Data to use.
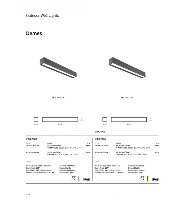 Φωτιστικό Led τοίχου, 220-240V, 15W, 3000K, 1263lm, IP65, 50x6x6cm, λευκό
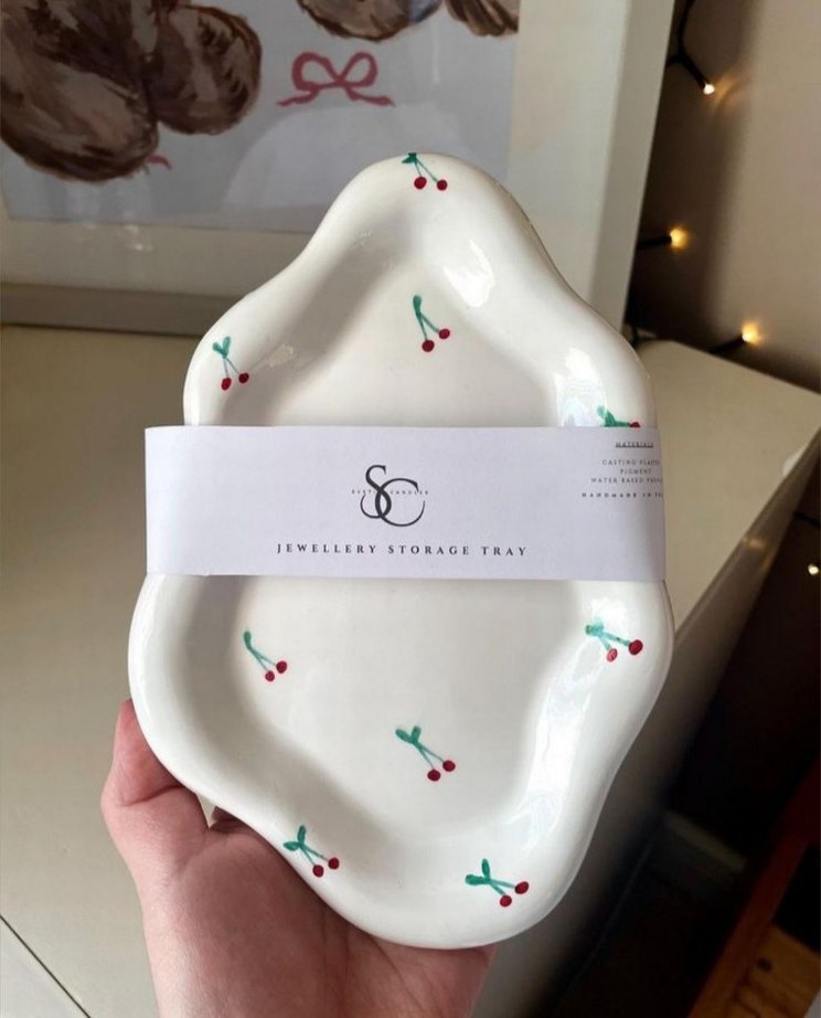 Kiraz Desenli Seramik Takı Tabağı
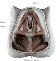 Le périnée (du latin : perineum, autour des voies évacuatrices) est la paroi inférieure du pelvis, fermant le détroit inférieur, et diffère entre l'homme et la femme.
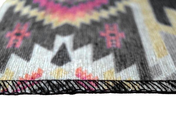 تم تصنيع السجادة من خامة بوليستر 100% التي تتميز بالنعومة والمتانة، مع قاعدة من القطن المنسوج والمطاط تمنحها ثباتًا قويًا على الأرضية وتمنع الانزلاق أثناء الاستخدام.
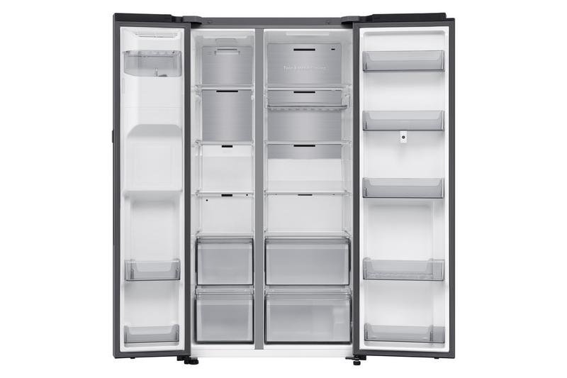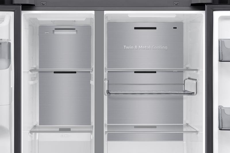 Frigorífico americano – Samsung Family Hub Bespoke AI RS90F66BETEF, Twin Cooling, 178.4 cm, 614 l, Dispensador agua y hielo, Balda botellero, Inox
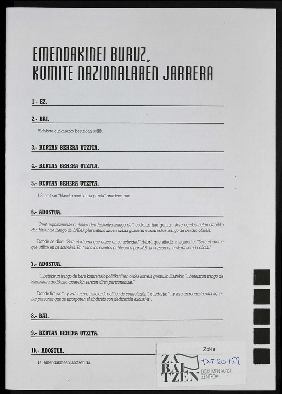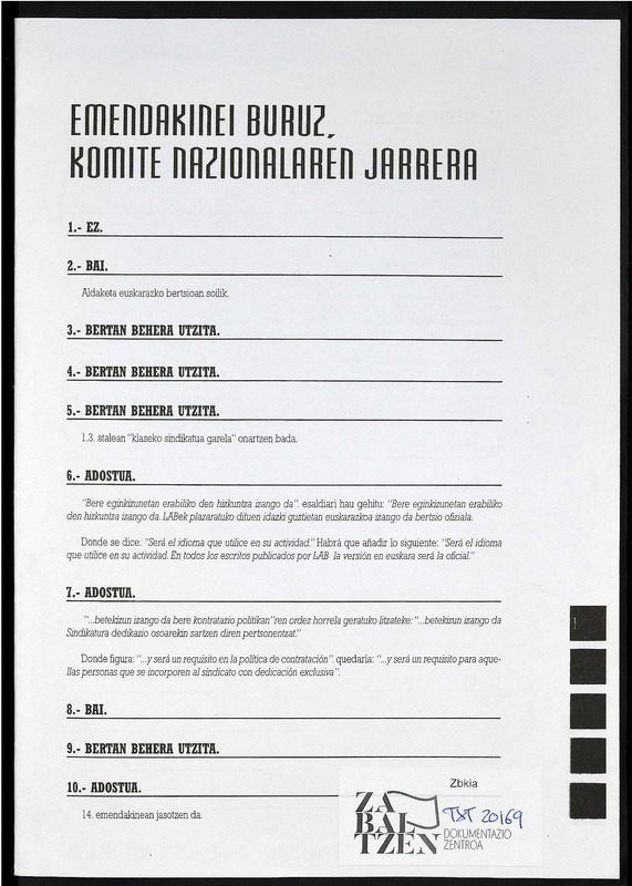 V BILTZAR NAGUSIA Emendakinei buruz komite nazionalaren jarrera
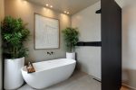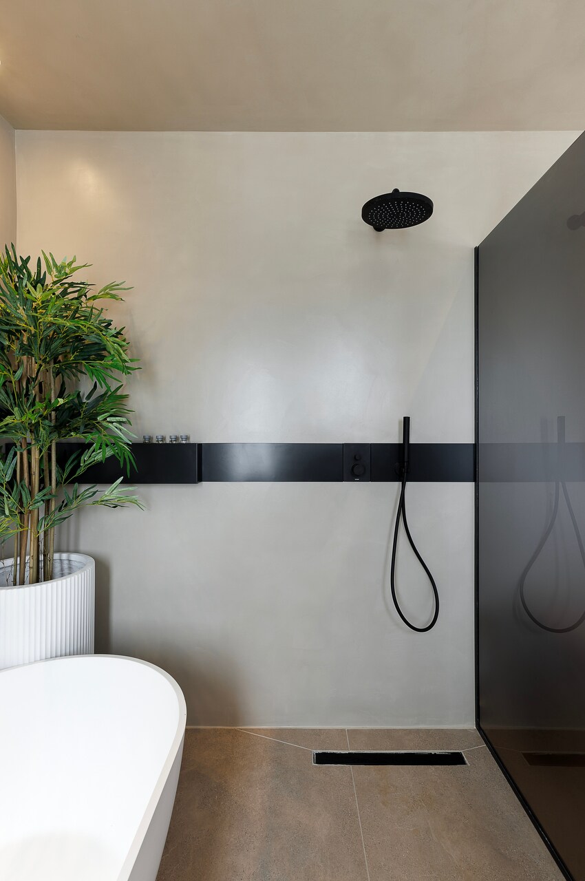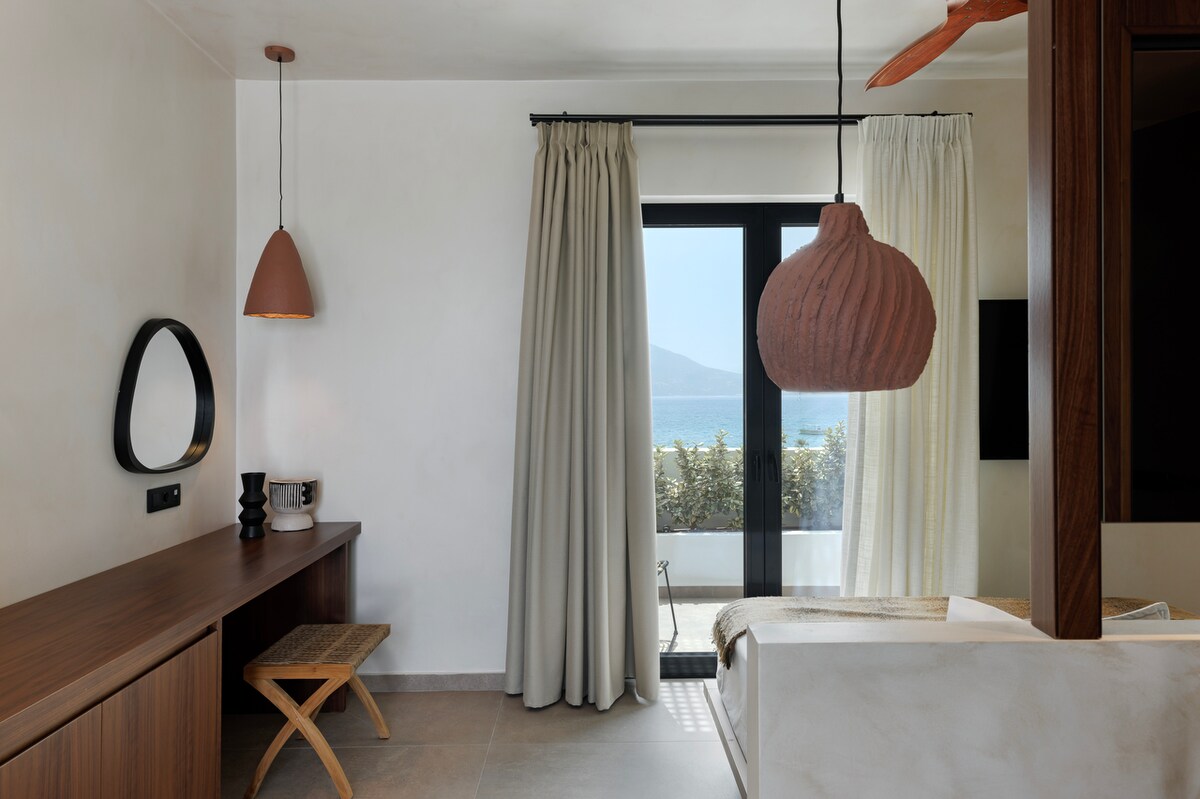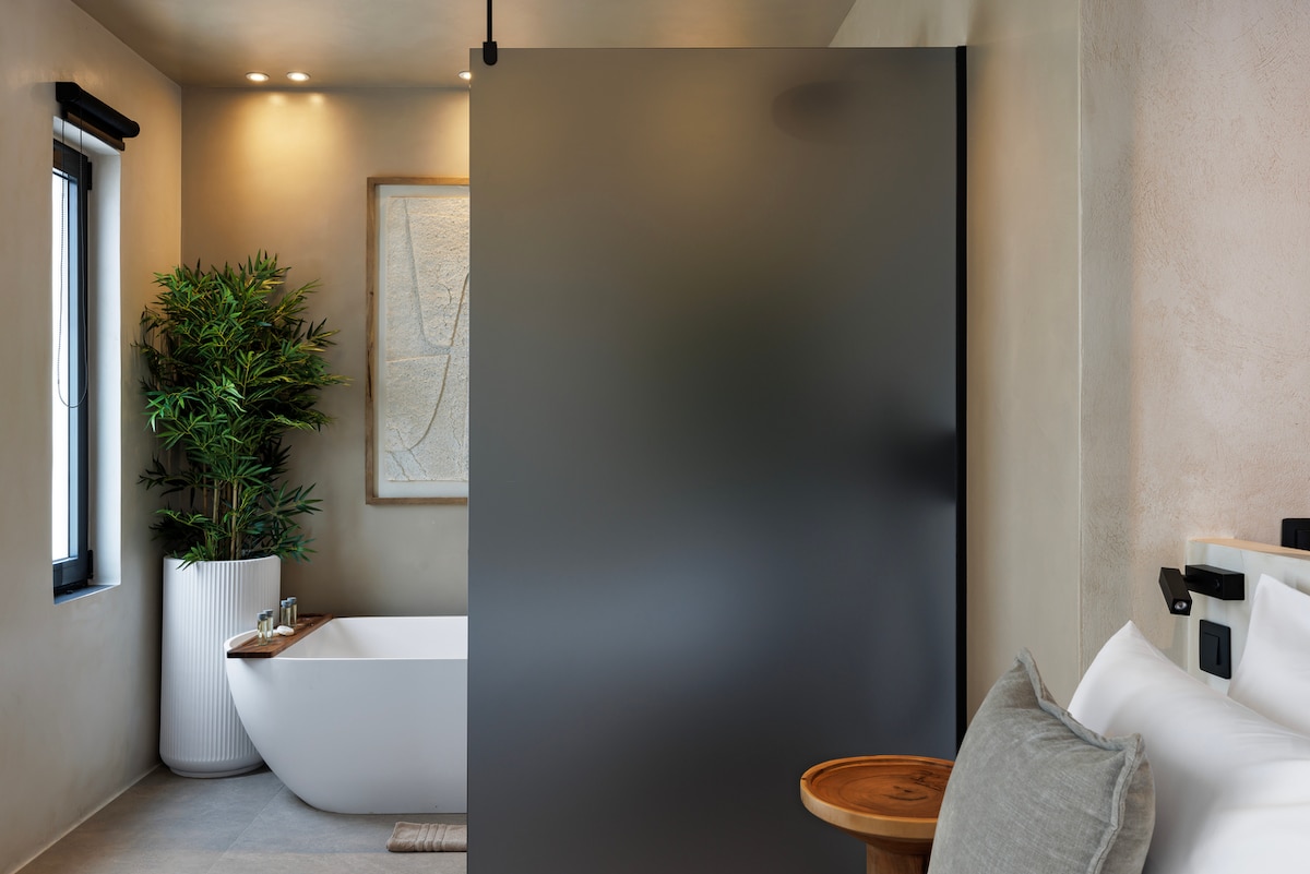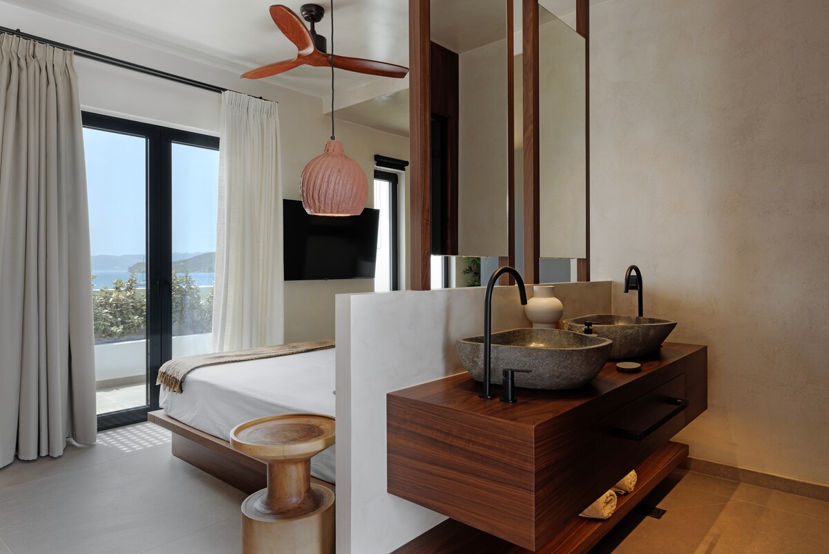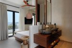 Embrace luxury and breathtaking views in our modern upper floor room, nestled in a newly constructed building for the ultimate escape. Wake up to stunning sea views from your comfortable double bed, setting the tone for a day of serenity and relaxation. Unwind in a space that features both a lavish bathtub and a rejuvenating shower, offering a spa-like experience within the confines of your room. The room also includes a convenient toilet and a chic shower for your comfort.
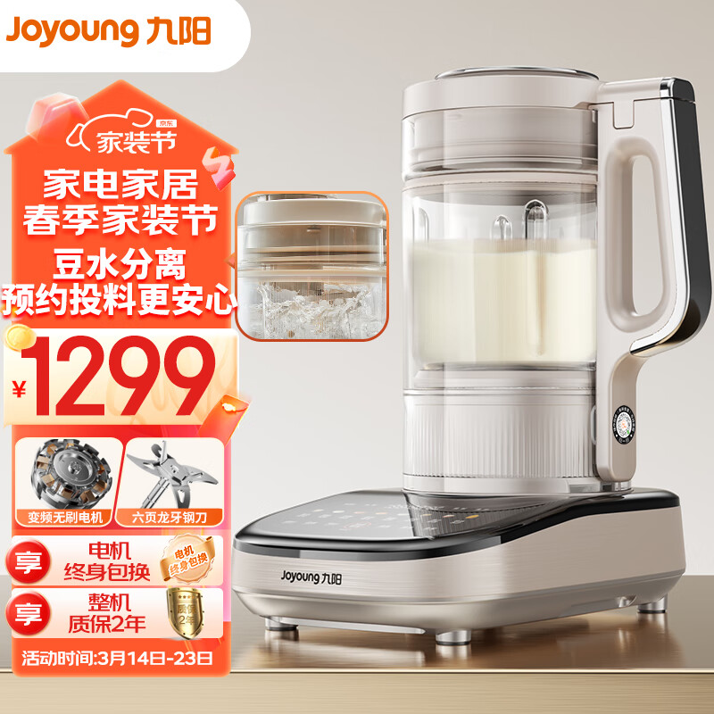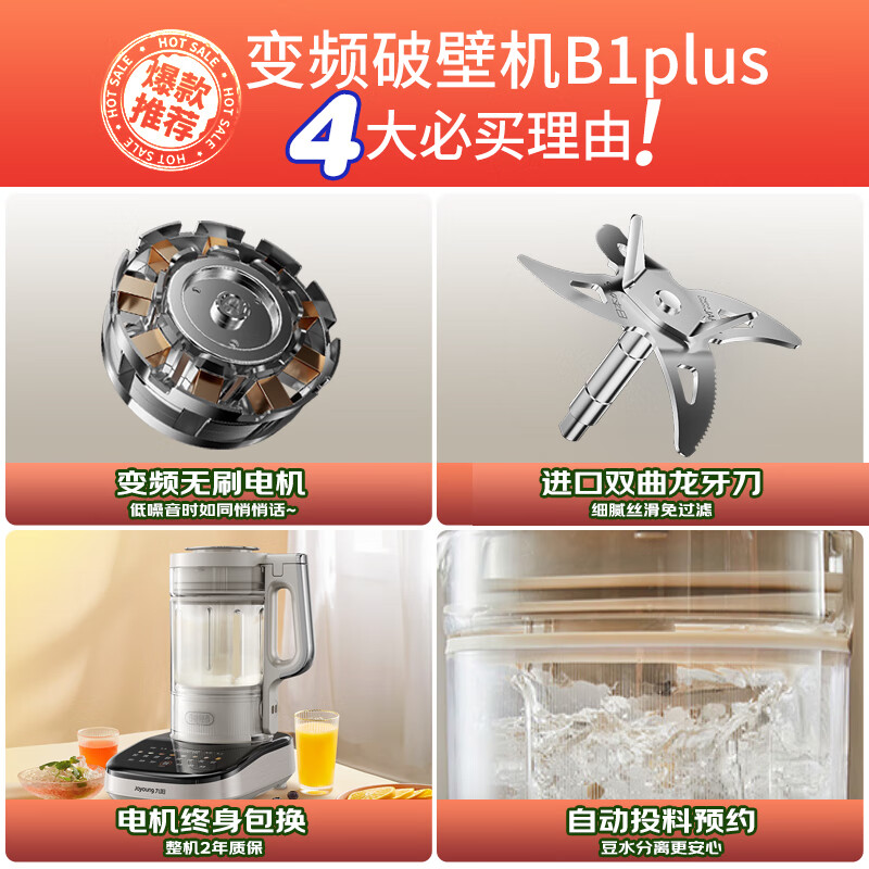 九阳轻音破壁机 家用榨汁机豆浆机料理机1.75L大容量 口感可调 多重降噪 变频轻音 触控彩屏 B1 plus价格:1299.00元!
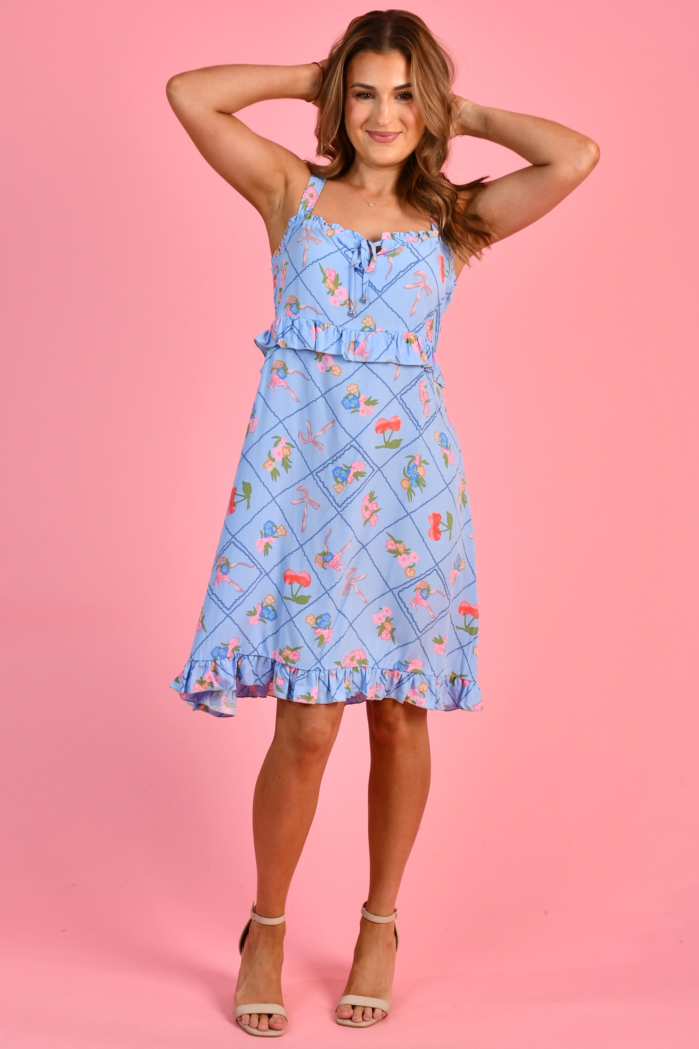 Our Sunset Ruffle Dress in our beautiful Bows & Blooms print has landed!πŸŒΈπŸŽ€

Assignment. From the listing above, restate verbatim the lines running from the one with "تم تصنيع السجادة" through the one with "V BILTZAR NAGUSIA", inclusive, but not the pictures.

Solution to the problem.
 تم تصنيع السجادة من خامة بوليستر 100% التي تتميز بالنعومة والمتانة، مع قاعدة من القطن المنسوج والمطاط تمنحها ثباتًا قويًا على الأرضية وتمنع الانزلاق أثناء الاستخدام.
 Frigorífico americano – Samsung Family Hub Bespoke AI RS90F66BETEF, Twin Cooling, 178.4 cm, 614 l, Dispensador agua y hielo, Balda botellero, Inox
 V BILTZAR NAGUSIA Emendakinei buruz komite nazionalaren jarrera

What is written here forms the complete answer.